• _Source material_
##############################

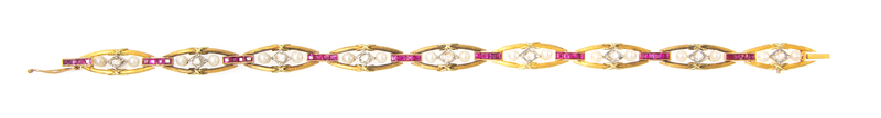 A Victorian Yellow Gold, Silver, Ruby, Diamond, and Pearl Bracelet,
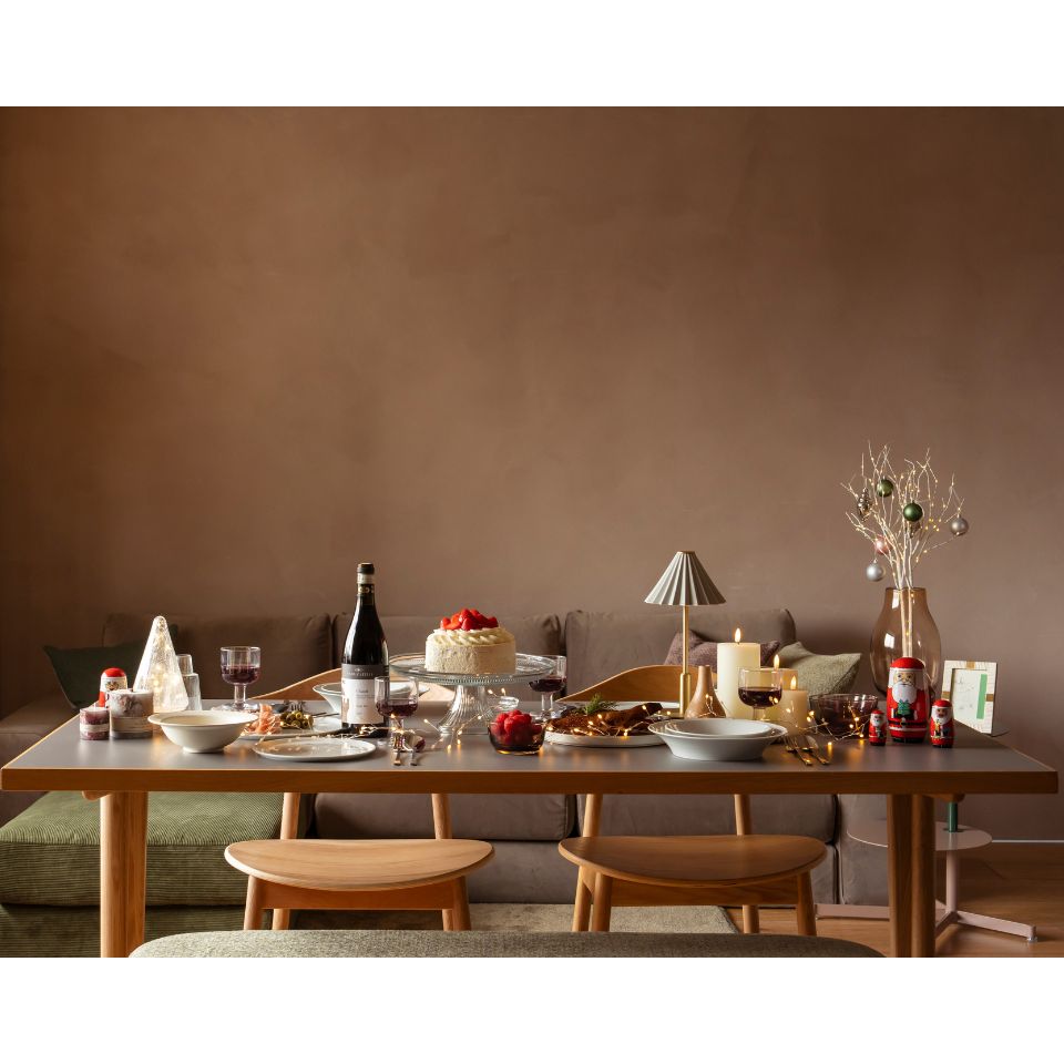 メラミンの優れた耐久・耐汚性ENENオリジナルのKUUM Tableシリーズ。メラミン天板は、熱・傷・汚れに強いことが特徴です。食器やパソコンなど熱いものを置いても変形したり跡が残ったりしづらく、液体をこぼしても染み込まないため簡単に拭き取りが可能です。ダイニングテーブルやデスクワーク用のテーブルとして最適です。 アルコールでの拭き取りもOKメラミンは耐薬品性もあるため、塗装商品にはNGのアルコールなどでの拭き取りも可能です。メラミン×天然木を楽しむENENのメラミン天板は、購入時の色合いのまま長くお使いいただけます。また木口面に厚みのある天然木単板を貼った遊び心あるデザインで、天然木の質感がお好みの方もお楽しみいただけます。グレーの天板は落ち着いた雰囲気を演出でき、他の色と調和しやすいため、さまざまなインテリアアイテムと合わせることができます。広々とした、ゆとりのある天板W1800×D800のサイズは、食器やお料理をたくさん置くことができ、4~6人掛けのダイニングテーブルとしてお使いいただけます。複数の人が同時に使用しても圧迫感を感じずに、快適に過ごすことができます。ご家庭だけでなく、オフィスや会議室などでも重宝される広々としたサイズです。お部屋の大きさに合わせて選んでいただけるように、天板サイズは5パターンを販売しております。脚のデザインは全10種類 木製の脚は2種類×2色、鉄製の脚は3種類×2色から選ぶことができます。脚だけでも10種類と、多くの選択肢があるため理想のデザインに仕上げていただけます。木製の脚と合わせればアクセントカラーの効いた北欧テイストな雰囲気、鉄製の脚と合わせればモダンやインダストリアルな雰囲気になります。長年の使用でも安心なパーツ販売KUUM Tableのパーツは、単品でも販売しております。長年使用する中で、一部が傷んだり汚れたりしても、その部分だけご購入・交換いただくことで、より長く、きれいな状態で使い続けることができます。天板と脚の取付方法はどのデザインでも共通で、簡単に交換や変更が可能です。
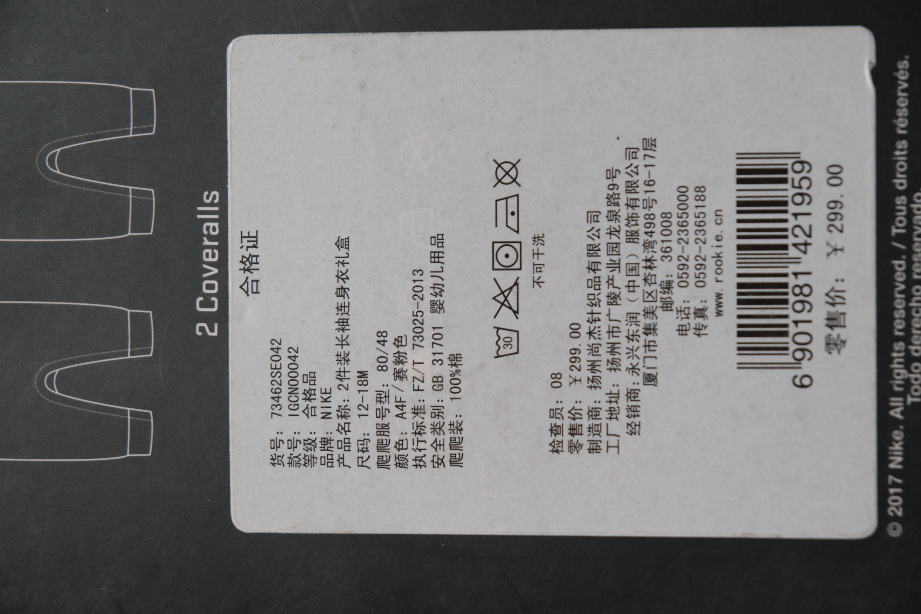 耐克-童衣类(秋)A7NIKE YA3女2件装长袖连身衣礼盒赛粉

##############################

Leaving images out, please output every line of the data exactly.

• _Completed exercise_
 A Victorian Yellow Gold, Silver, Ruby, Diamond, and Pearl Bracelet,
 メラミンの優れた耐久・耐汚性ENENオリジナルのKUUM Tableシリーズ。メラミン天板は、熱・傷・汚れに強いことが特徴です。食器やパソコンなど熱いものを置いても変形したり跡が残ったりしづらく、液体をこぼしても染み込まないため簡単に拭き取りが可能です。ダイニングテーブルやデスクワーク用のテーブルとして最適です。 アルコールでの拭き取りもOKメラミンは耐薬品性もあるため、塗装商品にはNGのアルコールなどでの拭き取りも可能です。メラミン×天然木を楽しむENENのメラミン天板は、購入時の色合いのまま長くお使いいただけます。また木口面に厚みのある天然木単板を貼った遊び心あるデザインで、天然木の質感がお好みの方もお楽しみいただけます。グレーの天板は落ち着いた雰囲気を演出でき、他の色と調和しやすいため、さまざまなインテリアアイテムと合わせることができます。広々とした、ゆとりのある天板W1800×D800のサイズは、食器やお料理をたくさん置くことができ、4~6人掛けのダイニングテーブルとしてお使いいただけます。複数の人が同時に使用しても圧迫感を感じずに、快適に過ごすことができます。ご家庭だけでなく、オフィスや会議室などでも重宝される広々としたサイズです。お部屋の大きさに合わせて選んでいただけるように、天板サイズは5パターンを販売しております。脚のデザインは全10種類 木製の脚は2種類×2色、鉄製の脚は3種類×2色から選ぶことができます。脚だけでも10種類と、多くの選択肢があるため理想のデザインに仕上げていただけます。木製の脚と合わせればアクセントカラーの効いた北欧テイストな雰囲気、鉄製の脚と合わせればモダンやインダストリアルな雰囲気になります。長年の使用でも安心なパーツ販売KUUM Tableのパーツは、単品でも販売しております。長年使用する中で、一部が傷んだり汚れたりしても、その部分だけご購入・交換いただくことで、より長く、きれいな状態で使い続けることができます。天板と脚の取付方法はどのデザインでも共通で、簡単に交換や変更が可能です。
 耐克-童衣类(秋)A7NIKE YA3女2件装长袖连身衣礼盒赛粉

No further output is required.